## Exercise aim
Read the listing and extract each line that includes the word "принять".

## Exercise data

>>>>

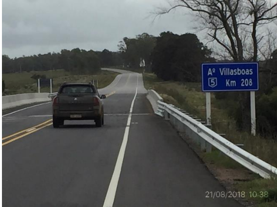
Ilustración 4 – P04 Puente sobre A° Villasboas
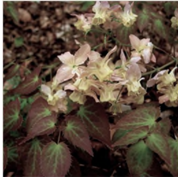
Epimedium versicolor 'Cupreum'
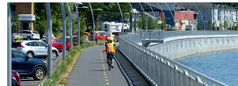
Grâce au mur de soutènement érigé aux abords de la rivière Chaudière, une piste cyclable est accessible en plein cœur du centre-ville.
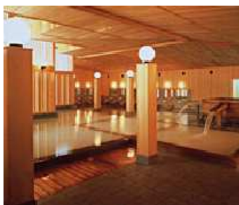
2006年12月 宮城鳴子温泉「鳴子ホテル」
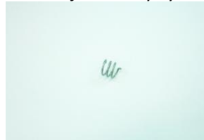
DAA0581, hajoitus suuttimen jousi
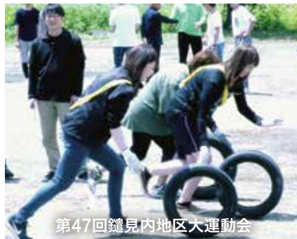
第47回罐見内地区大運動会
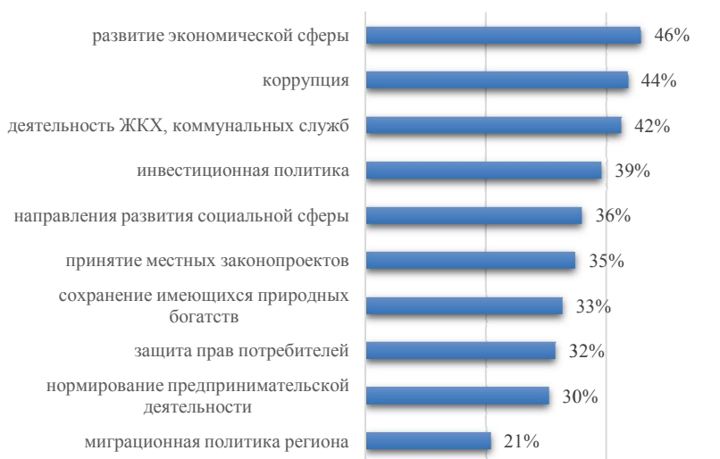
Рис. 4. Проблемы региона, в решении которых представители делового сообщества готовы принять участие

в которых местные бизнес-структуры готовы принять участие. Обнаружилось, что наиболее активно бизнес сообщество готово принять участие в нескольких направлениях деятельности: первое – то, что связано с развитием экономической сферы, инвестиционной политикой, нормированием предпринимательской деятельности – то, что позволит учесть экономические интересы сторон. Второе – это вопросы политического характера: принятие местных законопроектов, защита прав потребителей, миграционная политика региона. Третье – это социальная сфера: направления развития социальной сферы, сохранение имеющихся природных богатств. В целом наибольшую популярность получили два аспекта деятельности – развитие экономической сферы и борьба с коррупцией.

<<<<
>>>>

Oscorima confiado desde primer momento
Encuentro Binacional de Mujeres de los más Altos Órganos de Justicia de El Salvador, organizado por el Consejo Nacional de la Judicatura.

<<<<
>>>>

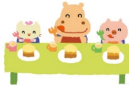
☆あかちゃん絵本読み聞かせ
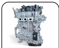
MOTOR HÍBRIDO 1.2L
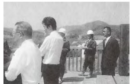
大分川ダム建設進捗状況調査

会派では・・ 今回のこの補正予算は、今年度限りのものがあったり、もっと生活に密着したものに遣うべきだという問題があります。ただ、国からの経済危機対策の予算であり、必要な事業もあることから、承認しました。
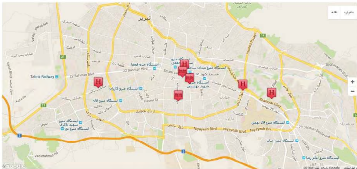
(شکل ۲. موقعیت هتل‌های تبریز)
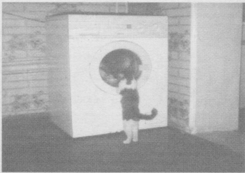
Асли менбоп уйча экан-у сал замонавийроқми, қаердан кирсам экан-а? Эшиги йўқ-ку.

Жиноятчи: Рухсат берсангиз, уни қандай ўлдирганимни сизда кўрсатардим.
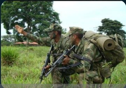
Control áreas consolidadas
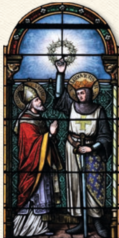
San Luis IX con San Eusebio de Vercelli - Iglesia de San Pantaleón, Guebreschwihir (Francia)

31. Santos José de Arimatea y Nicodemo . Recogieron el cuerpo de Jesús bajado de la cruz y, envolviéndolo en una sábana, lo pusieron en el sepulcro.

<<<<

## Result of the task
Рис. 4. Проблемы региона, в решении которых представители делового сообщества готовы принять участие
в которых местные бизнес-структуры готовы принять участие. Обнаружилось, что наиболее активно бизнес сообщество готово принять участие в нескольких направлениях деятельности: первое – то, что связано с развитием экономической сферы, инвестиционной политикой, нормированием предпринимательской деятельности – то, что позволит учесть экономические интересы сторон. Второе – это вопросы политического характера: принятие местных законопроектов, защита прав потребителей, миграционная политика региона. Третье – это социальная сфера: направления развития социальной сферы, сохранение имеющихся природных богатств. В целом наибольшую популярность получили два аспекта деятельности – развитие экономической сферы и борьба с коррупцией.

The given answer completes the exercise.